Typically and traditionally, lower courts follow the precedents of opinions by higher courts. But they are not bound by law or conscience to do so. Appellate court opinions are just that: opinions, and if a lower court judge thinks otherwise, he or she need not follow the example of the higher tribunal.

Of course, the trial judge who does not follow the opinions of the appellate court can expect to be reversed on appeal. But, obviously, that does not always happen. The Supreme Court has reversed its opinion many times, and the only way that can happen is if somebody has re-litigated the issue.

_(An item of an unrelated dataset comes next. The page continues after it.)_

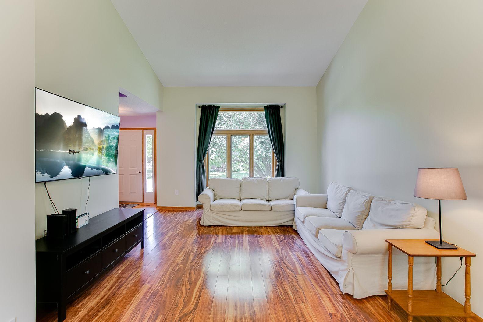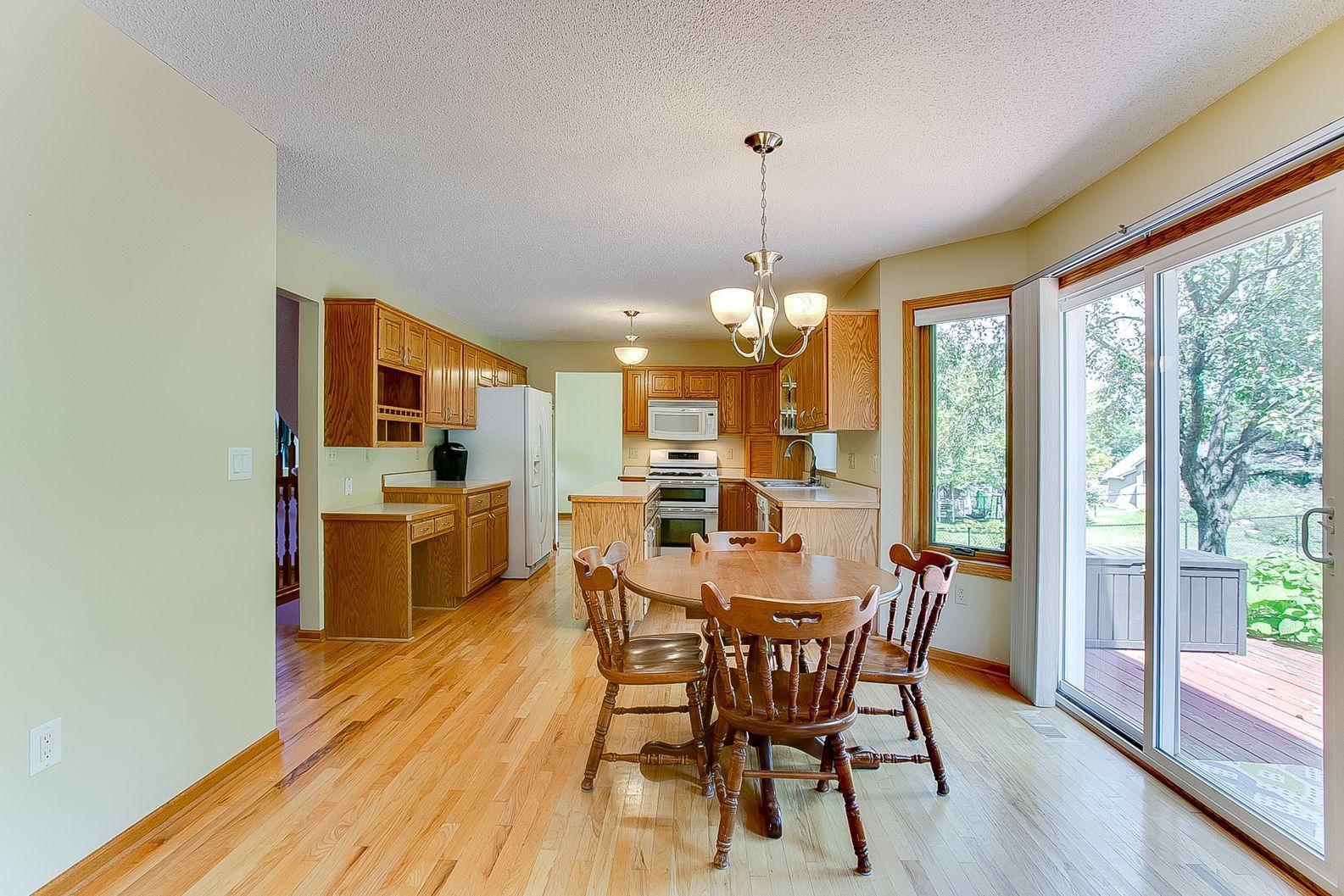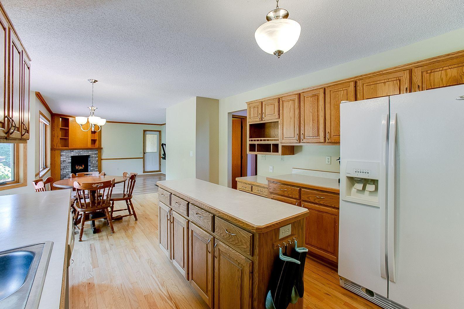 Gorgeous two-story home on a quiet street! Only re-location makes this home available! Enjoy time in your kitchen looking out at the beautiful backyard. Kitchen has a nice amount of counter space with a center island and opens to informal dining and family room with a gas fireplace. The 3 season porch features knotty pine paneling and natural light. Vaulted ceilings in the living room/dining room are spacious and ideal for entertaining. Upper level features 3 bedrooms with master suite having vaulted ceilings and WIC. Mud room, laundry on main and huge foyer with nice closet. Lower level

Lincoln’s words bear repeating and thoughtful consideration:

the candid citizen must confess that if the policy of the Government upon vital questions affecting the whole people is to be irrevocably fixed by decisions of the Supreme Court, the instant they are made in ordinary litigation between parties in personal actions the people will have ceased to be their own rulers,

The idea that opinions of the Supreme Court are the law of the land is nowhere to be found in the Constitution. The practice of substituting litigation for legislation is further evidence of the abandonment of our republic in favor of a dictatorial oligarchy.

We have only ourselves to blame.







1 comment:

  1. What's fascinating to me is that I have been teaching for years (based upon a textbook) that the 1803 decision of Marbury v Madison creating the legal doctrine of judicial review, coupled with the traditional notion of stare decisis, has solidified the Supreme Court with both an error correction and a lawmaking function. However, what people don't understand is that we must fight, with conscientious objection, when a decision is contrary to the constitution according to our good faith belief. It took 57 years and a full blown civil rights movement for Plessy v Ferguson to be overruled by the Supreme Court in Brown v Board of Education. The Supreme Court's 1895 decision was wrong then and remained wrong until it was finally set aside in 1952. We can only hope that Obergefell v Hodges (and Roe v Wade) will someday become modern day mistakes and join the infamous list with Plessy. Unfortunately, these embedded decisions take generations to remove from our legal landscape. All the more reason for the Kim Davis immediate reaction. She may not win the battle, but hopefully history will prove that she started a worthy and successful war!